**Action item:** Leaving out the images, return the data below exactly as it is written.

**Information provided:**

---+---

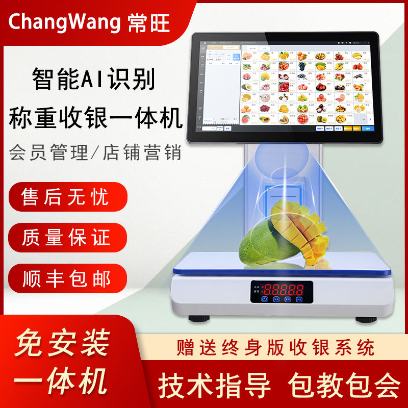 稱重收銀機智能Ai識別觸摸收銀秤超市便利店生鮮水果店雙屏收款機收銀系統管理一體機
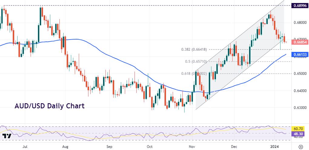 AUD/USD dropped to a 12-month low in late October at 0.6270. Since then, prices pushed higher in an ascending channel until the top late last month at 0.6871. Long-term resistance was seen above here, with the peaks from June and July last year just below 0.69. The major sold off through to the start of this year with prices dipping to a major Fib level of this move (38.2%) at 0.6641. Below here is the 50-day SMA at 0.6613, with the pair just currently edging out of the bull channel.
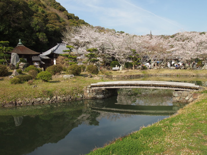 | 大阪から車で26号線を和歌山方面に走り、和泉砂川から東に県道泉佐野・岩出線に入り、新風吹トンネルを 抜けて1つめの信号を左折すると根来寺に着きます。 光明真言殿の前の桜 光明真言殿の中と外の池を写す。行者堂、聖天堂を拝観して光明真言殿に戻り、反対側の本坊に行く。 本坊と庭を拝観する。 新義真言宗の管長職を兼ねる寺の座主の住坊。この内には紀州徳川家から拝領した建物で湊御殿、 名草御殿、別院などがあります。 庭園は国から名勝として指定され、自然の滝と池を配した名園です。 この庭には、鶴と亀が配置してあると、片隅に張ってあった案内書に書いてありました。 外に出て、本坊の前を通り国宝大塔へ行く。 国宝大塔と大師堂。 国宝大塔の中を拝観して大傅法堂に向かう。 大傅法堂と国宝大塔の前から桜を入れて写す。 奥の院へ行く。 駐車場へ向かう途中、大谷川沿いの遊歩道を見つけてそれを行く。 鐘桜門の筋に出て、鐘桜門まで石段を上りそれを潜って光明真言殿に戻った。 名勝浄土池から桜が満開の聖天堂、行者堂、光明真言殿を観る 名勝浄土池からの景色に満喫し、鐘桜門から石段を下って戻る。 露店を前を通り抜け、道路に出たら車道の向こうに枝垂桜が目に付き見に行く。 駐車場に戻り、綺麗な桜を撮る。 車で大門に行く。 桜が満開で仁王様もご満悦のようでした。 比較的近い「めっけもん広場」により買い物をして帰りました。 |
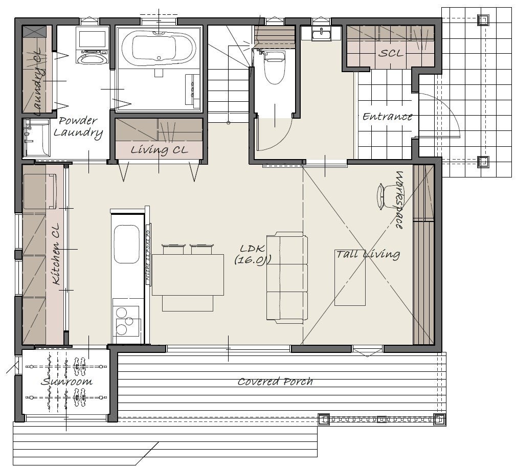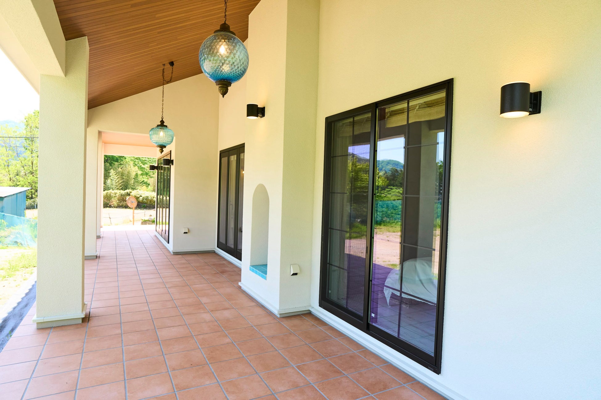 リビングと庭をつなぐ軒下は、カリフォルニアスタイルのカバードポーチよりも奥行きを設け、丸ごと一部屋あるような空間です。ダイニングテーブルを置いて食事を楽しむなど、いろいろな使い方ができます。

---+---

**Answer box:**
 稱重收銀機智能Ai識別觸摸收銀秤超市便利店生鮮水果店雙屏收款機收銀系統管理一體機
 AUD/USD dropped to a 12-month low in late October at 0.6270. Since then, prices pushed higher in an ascending channel until the top late last month at 0.6871. Long-term resistance was seen above here, with the peaks from June and July last year just below 0.69. The major sold off through to the start of this year with prices dipping to a major Fib level of this move (38.2%) at 0.6641. Below here is the 50-day SMA at 0.6613, with the pair just currently edging out of the bull channel.
 | 大阪から車で26号線を和歌山方面に走り、和泉砂川から東に県道泉佐野・岩出線に入り、新風吹トンネルを 抜けて1つめの信号を左折すると根来寺に着きます。 光明真言殿の前の桜 光明真言殿の中と外の池を写す。行者堂、聖天堂を拝観して光明真言殿に戻り、反対側の本坊に行く。 本坊と庭を拝観する。 新義真言宗の管長職を兼ねる寺の座主の住坊。この内には紀州徳川家から拝領した建物で湊御殿、 名草御殿、別院などがあります。 庭園は国から名勝として指定され、自然の滝と池を配した名園です。 この庭には、鶴と亀が配置してあると、片隅に張ってあった案内書に書いてありました。 外に出て、本坊の前を通り国宝大塔へ行く。 国宝大塔と大師堂。 国宝大塔の中を拝観して大傅法堂に向かう。 大傅法堂と国宝大塔の前から桜を入れて写す。 奥の院へ行く。 駐車場へ向かう途中、大谷川沿いの遊歩道を見つけてそれを行く。 鐘桜門の筋に出て、鐘桜門まで石段を上りそれを潜って光明真言殿に戻った。 名勝浄土池から桜が満開の聖天堂、行者堂、光明真言殿を観る 名勝浄土池からの景色に満喫し、鐘桜門から石段を下って戻る。 露店を前を通り抜け、道路に出たら車道の向こうに枝垂桜が目に付き見に行く。 駐車場に戻り、綺麗な桜を撮る。 車で大門に行く。 桜が満開で仁王様もご満悦のようでした。 比較的近い「めっけもん広場」により買い物をして帰りました。 |
 リビングと庭をつなぐ軒下は、カリフォルニアスタイルのカバードポーチよりも奥行きを設け、丸ごと一部屋あるような空間です。ダイニングテーブルを置いて食事を楽しむなど、いろいろな使い方ができます。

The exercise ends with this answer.